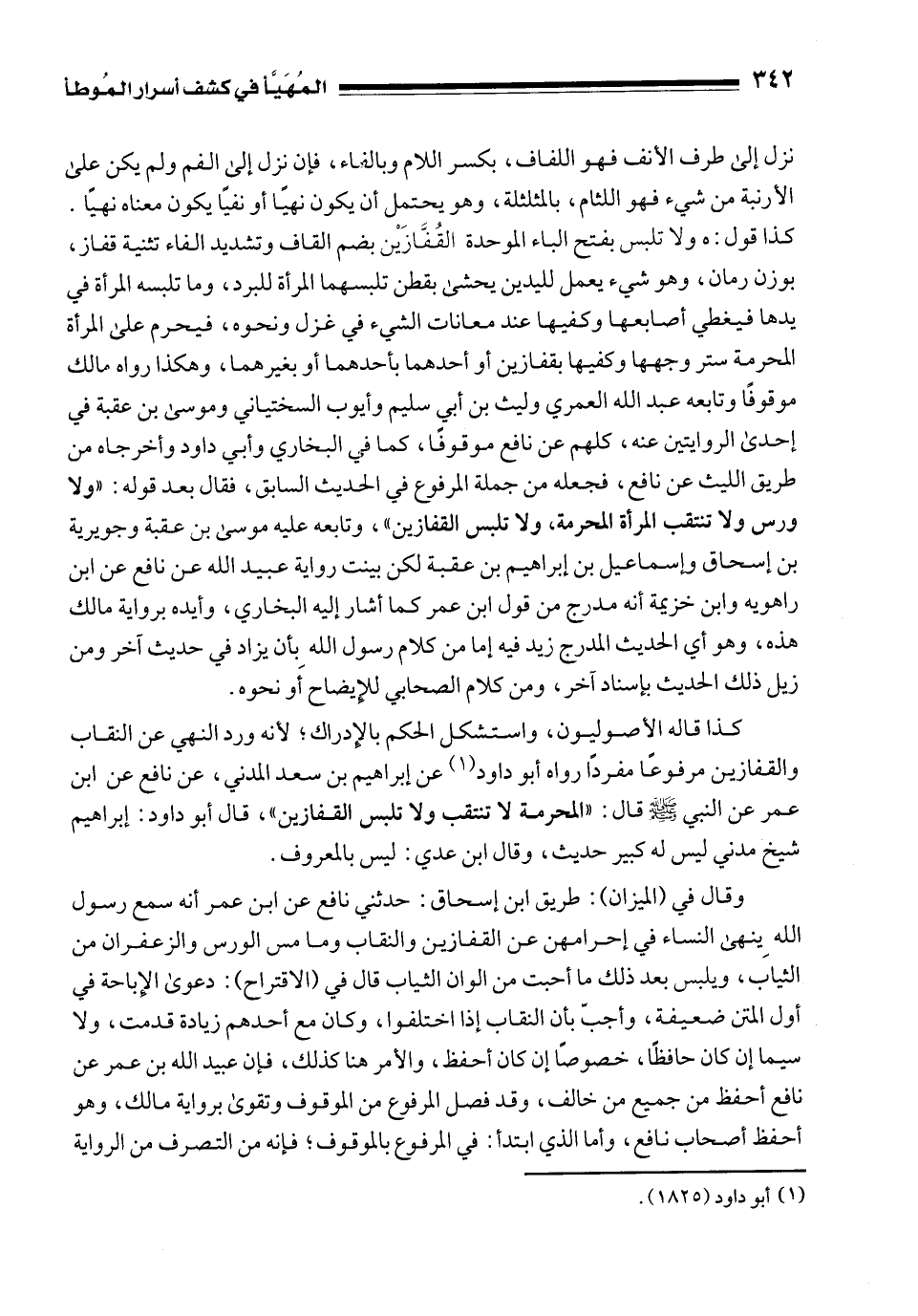 نزل إلى طرف الأنف فهو اللفاف، بكسر اللام وبالفاء، فإن نزل إلى الفم ولم يكن على الأرنبة من شيء فهو اللثام، بالمثلثة، وهو يحتمل أن يكون نهيًا أو نفيًا يكون معناه نهيًا. كذا قوله: ولا تلبس بفتح الباء الموحدة القُفَّازَيْن بضم القاف وتشديد الفاء تثنية قفاز، بوزن رمان، وهو شيء يعمل لليدين يحشى بقطن تلبسهما المرأة للبرد، وما تلبسه المرأة في يدها فيغطي أصابعها وكفيها عند معانات الشيء في غزل ونحوه، فيحرم على المرأة المحرمة ستر وجهها وكفيها بقفازين أو أحدهما بأحدهما أو بغيرهما، وهكذا رواه مالك موقوفًا وتابعه عبد الله العمري وليث بن أبي سليم وأيوب السختياني وموسى بن عقبة في إحدى الروايتين عنه، كلهم عن نافع موقوفًا، كما في البخاري وأبي داود وأخرجاه من طريق الليث عن نافع، فجعله من جملة المرفوع في الحديث السابق، فقال بعد قوله: "ولا ورس ولا تنتقب المرأة المحرمة، ولا تلبس القفازين"، وتابعه عليه موسى بن عقبة وجويرية بن إسحاق وإسماعيل بن إبراهيم بن عقبة لكن بينت رواية عبيد الله عن نافع عن ابن راهويه وابن خزيمة أنه مدرج من قول ابن عمر كما أشار إليه البخاري، وأيده برواية مالك هذه، وهو أي الحديث المدرج زيد فيه إما من كلام رسول الله بأن يزاد في حديث آخر ومن زيل ذلك الحديث بإسناد آخر، ومن كلام الصحابي للإِيضاح أَو نحوه.
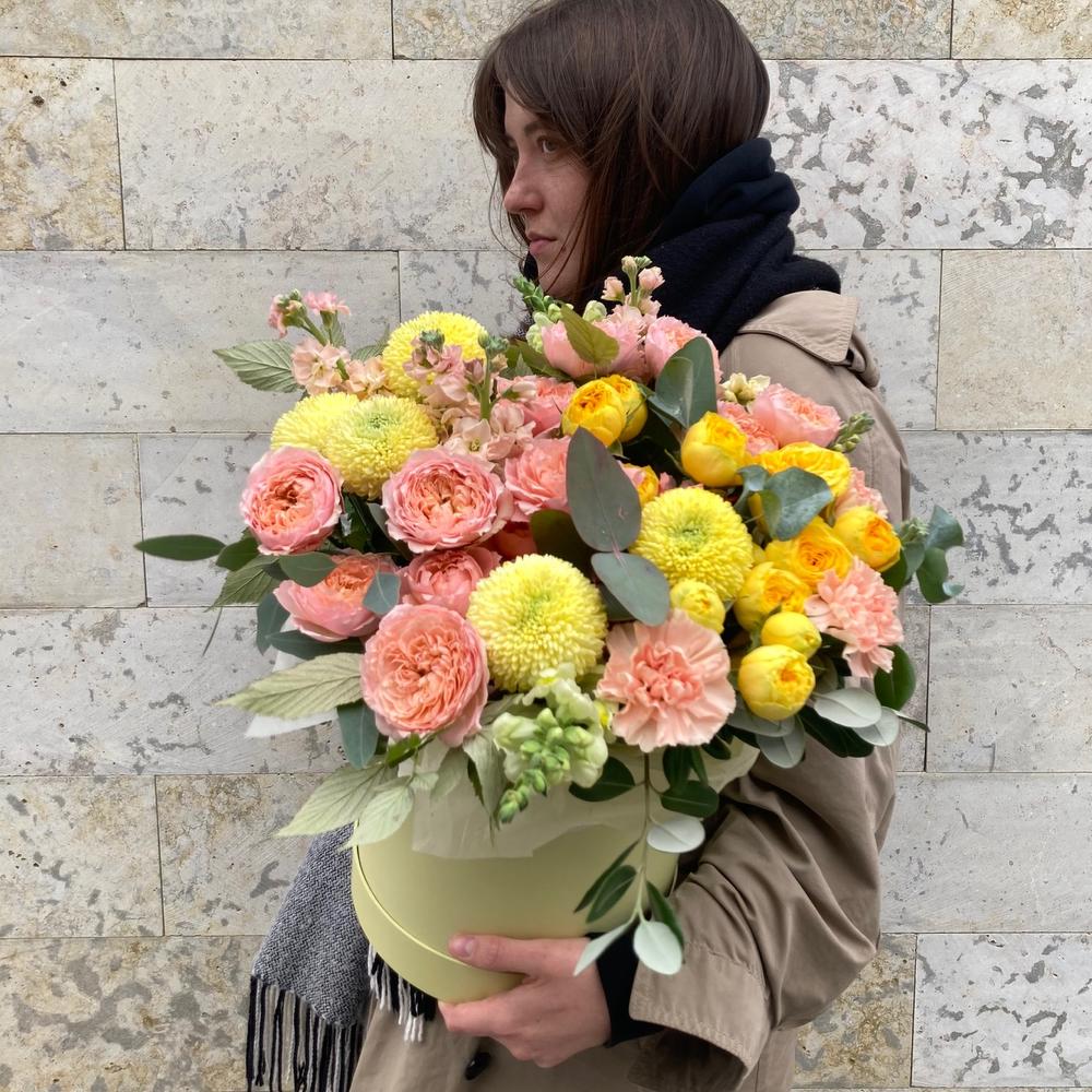 Роза пионовидная кустовая – 7 шт.Хризантема – 5 шт.Маттиола – 7 шт.Львиный зев – 3 шт.Эвкалипт – 7 шт.Ветки малины – 3 шт.Тишью – 2 шт.Шляпная коробка – 1 шт.Оазис флористический – 1 шт.
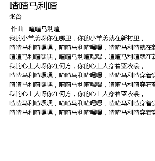 | [00:43.000] | 喳喳马利喳嘿嘿,喳喳马利喳嘿嘿,喳喳马利喳就在新村里。 |
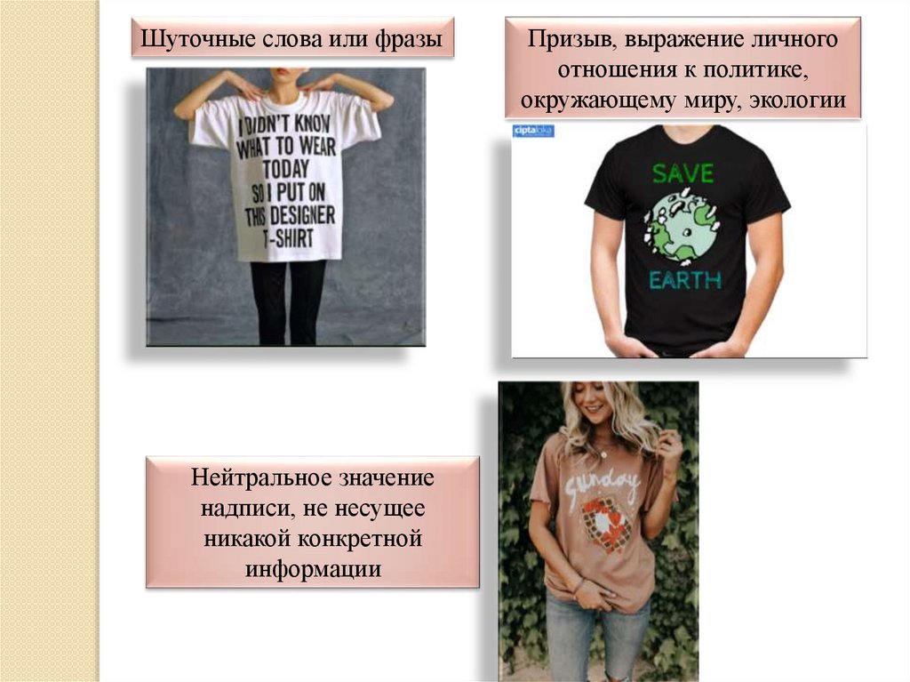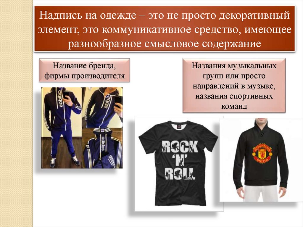 Надпись на одежде – это не просто декоративныйэлемент, это коммуникативное средство, имеющее
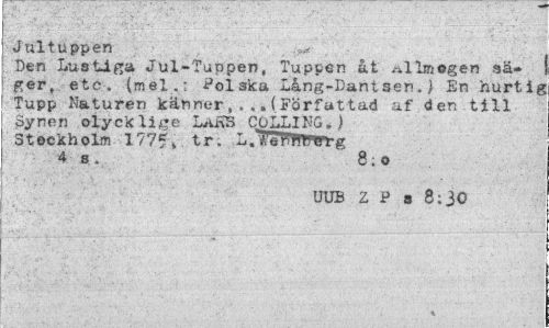 //// Jultuppen //// Den Lustiga Jul-Tuppen, Tuppen åt Allmogen sä» ger, etc. (mel.: Polska Lång-Dantsen.) En hurtig Tupp Naturen känner(Författad af den till Synen olycklige LaKS COLLIMG.) Stockholm 1775» tr. L.TeHfWvrg //// 4 s . 8 ; o //// UUB Z P s 8:30 ////

============================================================

§ **Exercise brief**: Please output every record above exactly. Leave the pictures out.

§ **Exercise solution**:
 نزل إلى طرف الأنف فهو اللفاف، بكسر اللام وبالفاء، فإن نزل إلى الفم ولم يكن على الأرنبة من شيء فهو اللثام، بالمثلثة، وهو يحتمل أن يكون نهيًا أو نفيًا يكون معناه نهيًا. كذا قوله: ولا تلبس بفتح الباء الموحدة القُفَّازَيْن بضم القاف وتشديد الفاء تثنية قفاز، بوزن رمان، وهو شيء يعمل لليدين يحشى بقطن تلبسهما المرأة للبرد، وما تلبسه المرأة في يدها فيغطي أصابعها وكفيها عند معانات الشيء في غزل ونحوه، فيحرم على المرأة المحرمة ستر وجهها وكفيها بقفازين أو أحدهما بأحدهما أو بغيرهما، وهكذا رواه مالك موقوفًا وتابعه عبد الله العمري وليث بن أبي سليم وأيوب السختياني وموسى بن عقبة في إحدى الروايتين عنه، كلهم عن نافع موقوفًا، كما في البخاري وأبي داود وأخرجاه من طريق الليث عن نافع، فجعله من جملة المرفوع في الحديث السابق، فقال بعد قوله: "ولا ورس ولا تنتقب المرأة المحرمة، ولا تلبس القفازين"، وتابعه عليه موسى بن عقبة وجويرية بن إسحاق وإسماعيل بن إبراهيم بن عقبة لكن بينت رواية عبيد الله عن نافع عن ابن راهويه وابن خزيمة أنه مدرج من قول ابن عمر كما أشار إليه البخاري، وأيده برواية مالك هذه، وهو أي الحديث المدرج زيد فيه إما من كلام رسول الله بأن يزاد في حديث آخر ومن زيل ذلك الحديث بإسناد آخر، ومن كلام الصحابي للإِيضاح أَو نحوه.
 Роза пионовидная кустовая – 7 шт.Хризантема – 5 шт.Маттиола – 7 шт.Львиный зев – 3 шт.Эвкалипт – 7 шт.Ветки малины – 3 шт.Тишью – 2 шт.Шляпная коробка – 1 шт.Оазис флористический – 1 шт.
 | [00:43.000] | 喳喳马利喳嘿嘿,喳喳马利喳嘿嘿,喳喳马利喳就在新村里。 |
 Надпись на одежде – это не просто декоративныйэлемент, это коммуникативное средство, имеющее
 //// Jultuppen //// Den Lustiga Jul-Tuppen, Tuppen åt Allmogen sä» ger, etc. (mel.: Polska Lång-Dantsen.) En hurtig Tupp Naturen känner(Författad af den till Synen olycklige LaKS COLLIMG.) Stockholm 1775» tr. L.TeHfWvrg //// 4 s . 8 ; o //// UUB Z P s 8:30 ////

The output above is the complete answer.